This is not really an answer to your question, since it only talks about $\Bbb K=\Bbb C$, but based on the comments it might be interesting to you nonetheless and it's way too long to fit into a comment.
As pointed out in the comments there's little hope if $G$ isn't discrete, so I'll assume that it is. I'll write something about locally compact groups further down. $\Bbb CG$ is a complex algebra, so in particular a vector space, and the usual way to topologize a vector space is to give it a norm. Note that there's a natural involution that we can define on $\Bbb CG$, namely $$a^\ast(g)=\overline{a(g^{-1})},$$ for $a\in\Bbb CG=\mathcal C_C(G)$ and $g\in G$ so we can actually aim to get a $C^\ast$-algebra out of this norm.
There are two well studied choices at this point, the first is $$\|a\|=\sup\{\|\pi(a)\|\mid\pi\text{ is a representation of }\Bbb CG\},$$ where by representation I mean representation in the unitary operators on a Hilbert space. The completion of $\Bbb CG$ with respect to this norm is denoted by $C^\ast(G)$ and called the (full) group $C^\ast$-algebra, it contains $\Bbb CG$ as a dense subalgebra and this also gives a topology to the group algebra.

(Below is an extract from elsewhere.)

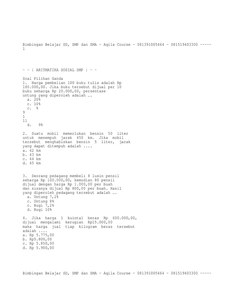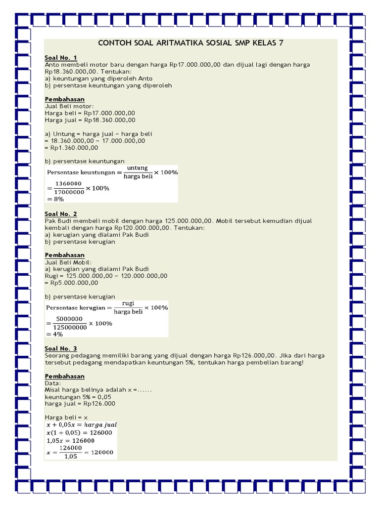 Soal Matematika Smp Aritmatika Sosial Language:id : Jika besar uang yang didepositokan rp 2.500.000,00 maka besar bunga selama 3 bulan adalah….. 2) un matematika smp / mts tahun 2008 sebuah bank memberikan bunga deposito 9% setahun. Menghargai dan menghayati ajaran agama yang dianutnya. Kumpulan model soal ujian nasional matematika untuk smp tentang arigmetika sosial. Soal ini merupakan soal uji kompetensi 6 yang terdiri dari 20 soal pilihan ganda. Jika ada kritik, saran atau pertanyaan silahkan tulis di kolom komentar.

The second choice is to set $$\|a\|=\|\pi_\lambda(a)\|,$$ where $\pi_\lambda$ is the left regular representation of $G$ on $\ell^2(G)$ (extended in the usual way to a representation of $\Bbb CG$), the completion of $\Bbb CG$ with respect to this norm is denoted by $C_\lambda^\ast(G)$ and called the reduced group $C^\ast$-algebra. This is the same as taking the $C^\ast$-subalgebra of $B(\ell^2(G))$ generated by the left regular representation.

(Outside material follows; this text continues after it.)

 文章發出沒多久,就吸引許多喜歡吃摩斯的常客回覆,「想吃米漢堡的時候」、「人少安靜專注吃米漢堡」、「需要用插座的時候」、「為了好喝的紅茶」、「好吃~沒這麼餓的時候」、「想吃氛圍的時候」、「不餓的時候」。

Note that while there always is a canonical morphism $C^\ast(G)\to C_\lambda^\ast(G)$ those two objects can be wildly different.

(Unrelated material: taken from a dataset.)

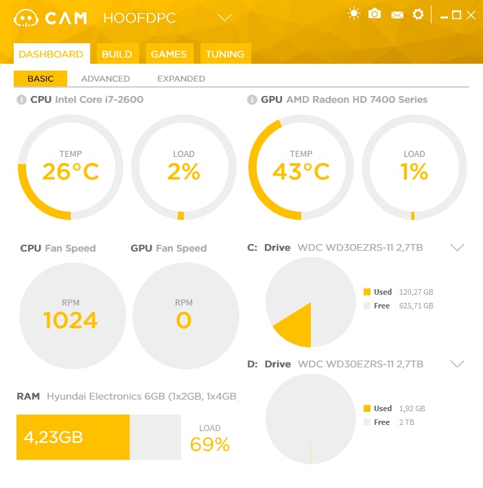 Zodra de app is opgestart, kom je bij je dashboard, waar je direct al informatie over je computer ziet. Je leest de actuele temperatuur en belasting af van de cpu en gpu, evenals de snelheid van de ventilatoren. Je ziet ook hoeveel ram en schijfruimte er nog vrij is. Nog meer informatie krijg je op de tabbladen Advanced (voor cpu, gpu, moederbord, ram, hdd en netwerkadapter) en op het tabblad Expanded (onder meer met de temperatuur van de cpu-kernen en diverse systeemspecificaties). Gevorderde gebruikers die het onderste uit hun grafische processor willen halen kunnen terecht op het tabblad Tuning. Nadat je hier de schakelaar op ON hebt ingesteld, kun je de gpu overklokken. De voltages kun je echter niet aanpassen en het aantal MHz waarmee je de core-clock en het geheugen kunt verhogen, is gelimiteerd. Om echt het uiterste van je processor te vragen kun je dus beter een ander programma gebruiken.

In the special case in which $G$ is discrete abelian we have that $C^\ast(G)$ is isomorphic to the reduced group $C^\ast$-algebra, and it is also commutative, so by Gelfand-Naimark it must be isomorphic to a $C^\ast$-algebra of functions on a locally compact Hausdorff space. Turns out that this space has a nice description, it is just $\hat{G}$, the dual group:$$\hat{G}=\{f\colon G\to S^1\mid f \text{ is a group homomorphism}\},$$ with a basis for its topology given by $$U(\hat{f}_0,F,\varepsilon)=\{\hat{f}\in\hat{G}\mid|\hat{f}(g)-\hat{f}_0(g)|<\varepsilon, g\in F\},$$ where $\hat{f}_0\in\hat{G}$, $F\subseteq G$ is finite and $\varepsilon>0$.
The isomorphism $C^\ast(G)\to\mathcal C(\hat{G})$ takes $g\in\Bbb CG$ to the function $\hat{f}\mapsto \hat{f}(g)$ for $\hat{f}\in\hat{G}$.
In the case of a locally compact $G$ we don't have $\Bbb CG=\mathcal C_C(G)$ anymore, but the latter is still a very interesting object, which can be turned into a $C^\ast$-algebra in the same two ways (with some care in the definition of a unitary representation and replacing $\ell^2(G)$ by $L^2(G)$ with respect to the Haar measure), where the product is convolution with respect to the Haar measure, while the involution is defined as follows, where $\Delta\colon G\to\Bbb R$ is the modular function of $G$:
$$a^\ast(g)=\frac1{\Delta(g)}\overline{a(g^{-1})},$$ note that discrete groups are unimodular so this agrees with the previous definition in the discrete case.
Once again if $G$ is abelian we get an isomorphism of $C^\ast(G)$ and $\mathcal C(\hat{G})$, where $\hat{G}$ is defined as above, but with continuous group homomorphisms instead.